What is Data Quality?

There are several different opinions and definitions on what data quality is supposed to be. Most of the time, we adapt the “fitness for use by data consumers” definition as defined by Richard Wang and Diane Strong [1] who investigated the subjective quality perception of data quality by data consumers. Although this research work has been a milestone in data quality research, in my opinion data quality is not necessarily always subjective. Imagine valid combinations of cities and countries or accurate population values. Who defines these quality measures? Surely not an individual. These examples are rules that have been derived from public knowledge or stated by natural circumstances. So besides individual requirements from data consumers, the following things may at least also be sources for data quality rules:

  • Real-world phenomena (e.g. city/country combinations)
  • Organizational policies (e.g. all TV’s in my data must have a screen size)
  • Legal regulations (e.g. all groceries must have an expiration date)
  • IT-needs (e.g. URI’s must be dereferencable)
  • Standards (e.g. the syntax of xsd:dateTime or ZIP codes)
  • Task requirements (e.g. population data for all populated places must be complete to calculate the world population).

So reflecting the sources of data quality definitions, I would define data quality as the degree to which data fits to the composed requirements for the task at hand. Thereby, many data quality requirements may be derived from the sources listed above. When using these requirements as data quality rules, we should be aware that they may contradict each other and change over time. Hence, we must manage our data quality rules just like our data.

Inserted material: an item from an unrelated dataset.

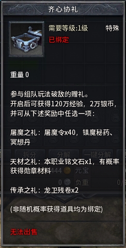 | 1~19 | 120万经验、2万银币、1个自选礼包 |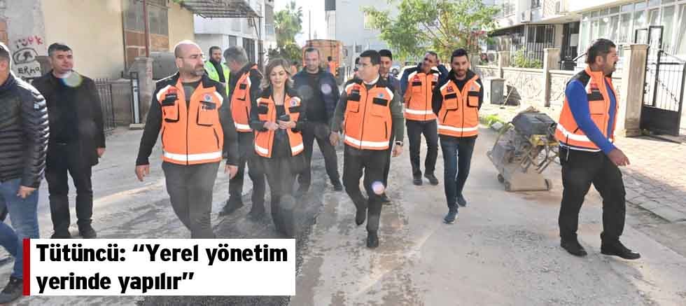 Başkan Tütüncü, “Mahallede olmazsanız masa başından, uzaktan telsizle, telefonla bu işleri takip etmek mümkün mü? Evet mümkün… Ama o iş o kadarlık oluyor. Ekiplerimizle işin başında olmaya, arazide olmaya, sahada olmaya son derece gayret gösterdik. Ve bunun bereketini de 15 yıldır hizmetlerimizin hem çeşitliliği, hem de büyüklüğü ve çokluğu bakımından netice olarak yaşadık. Netice almayı bildik. Öğrendiğim en önemli şey, uygulamaya çalıştığımız en birinci yöntem şu ki; İşin başında olmak lazım. Mahalli yönetim mahalleden yapılır. Yerel yönetim yerinde yapılır, sahada yapılır. Giyeceksin iş elbiselerini çalışanlarınızın yanında olacaksınız. Çalışanların elini sıkacaksınız, onların gönlünü alacaksınız, yaptıkları işin güçlüğünü göreceksiniz. O motivasyonu sağlayabilmek, sahada olabilmek işte bizim temel yönetim mantığımız, yaklaşımımız… 15 yıldır biz bu yöntemle çalıştığımız için, gerçekten az zamanda çok işler yaptık. 15 yılda yaptığımız işlere bakın. Başkalarının 25-30 yılda yapamayacağı işleri biz Kepez’e kazandırdık. “diye konuştu.

As part of my PhD-thesis, I am currently investigating the quality of Semantic Web data sets on instance-level. I have also published a data quality constraints library at http://semwebquality.org/ontologies/dq-constraints# which may be used in conjunction with SPIN ( http://spinrdf.org/ ) to define data quality requirements as constraint rules based on the knowledge dervied from the sources cited above. The constraints do not directly restrict the openess of the web, since it is up to the data owner/provider whether the instances with potential data quality problems shall be cleansed. The constraints shall rather help to identify incorrect or suspicious data and raise transparency about the quality state of the Semantic Web data sets in first place. If you are interested in this kind of quality assessment, please see my publications and/or contact me.

[1] Wang, R. Y., & Strong, D. M. (1996). Beyond accuracy: what data quality means to data consumers. Journal of Management Information Systems, 12(4), 5-33.